Carbon variability in the soil of a rice field in Costa Rica

Roberto Aguirre-Elizondo; Mayela María Monge Muñoz; Ana Gabriela  Pérez-Castillo; Melvin  Alpízar-Marín; Helber  Guillen-Arroyo; Cristina  Chinchilla-Soto

doi:10.29312/remexca.v16i5.3664

Authors

Roberto Aguirre-Elizondo Centro de Investigación en Contaminación Ambiental, Universidad de Costa Rica
Mayela María Monge Muñoz Centro de Investigación en Contaminación Ambiental, Universidad de Costa Rica https://orcid.org/0000-0003-1176-1086
Ana Gabriela Pérez-Castillo Centro de Investigación en Contaminación Ambiental, Universidad de Costa Rica https://orcid.org/0000-0001-5075-5573
Melvin Alpízar-Marín Centro de Investigación en Contaminación Ambiental, Universidad de Costa Rica
Helber Guillen-Arroyo Centro de Investigación en Contaminación Ambiental, Universidad de Costa Rica
Cristina Chinchilla-Soto Centro de Investigación en Contaminación Ambiental, Universidad de Costa Rica https://orcid.org/0000-0002-6507-0419

DOI:

https://doi.org/10.29312/remexca.v16i5.3664

Keywords:

climate change mitigation, geostatistical interpolation, kriging method, soil mapping

Abstract

Knowledge of the soil carbon stock (SCS) is vital for appropriate farming practices management, ie. tillage and to monitor SCS changes as mitigation strategies of carbon footprint.

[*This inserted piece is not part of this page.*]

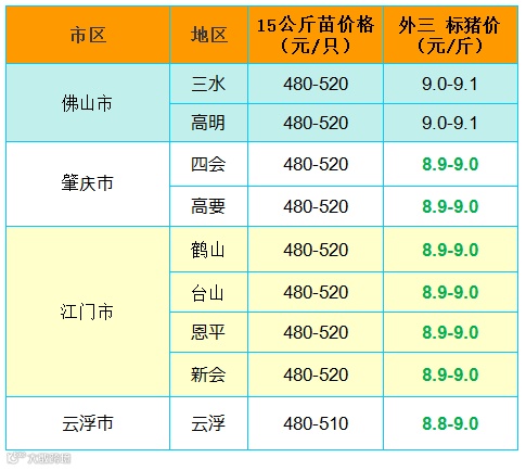 备注:猪价为喂湿料猪至喂干料猪出栏价格;

This study aims to quantify the variability and spatial distribution of the SCS. In an area of 1 ha 45 micro-pit (1 x 0.8 x 1 m) were divided into four strata. Vertical distribution of soil carbon was quantified along with other chemical and physical soil properties that affect rice production in Parrita, Costa Rica. A map of spatial prediction of the distribution and goodness-of-prediction values were calculated to estimate the effectiveness of the SCS prediction when different numbers of sampling points were used 45, 27, 15 and 7 microplots. As accurate measurements, the Mean Absolute Error and the Mean Square Error were calculated. In this study, the SCS was 85.8 (±2.6) Mg C ha^-1, into the total profile (0-100 cm), where the first 30 cm represented 46.2%. Prediction of the spatial distribution suggests that in annual agricultural crops, with tillage systems 15 sampling points ha^-1 a can effectively estimate the SCS.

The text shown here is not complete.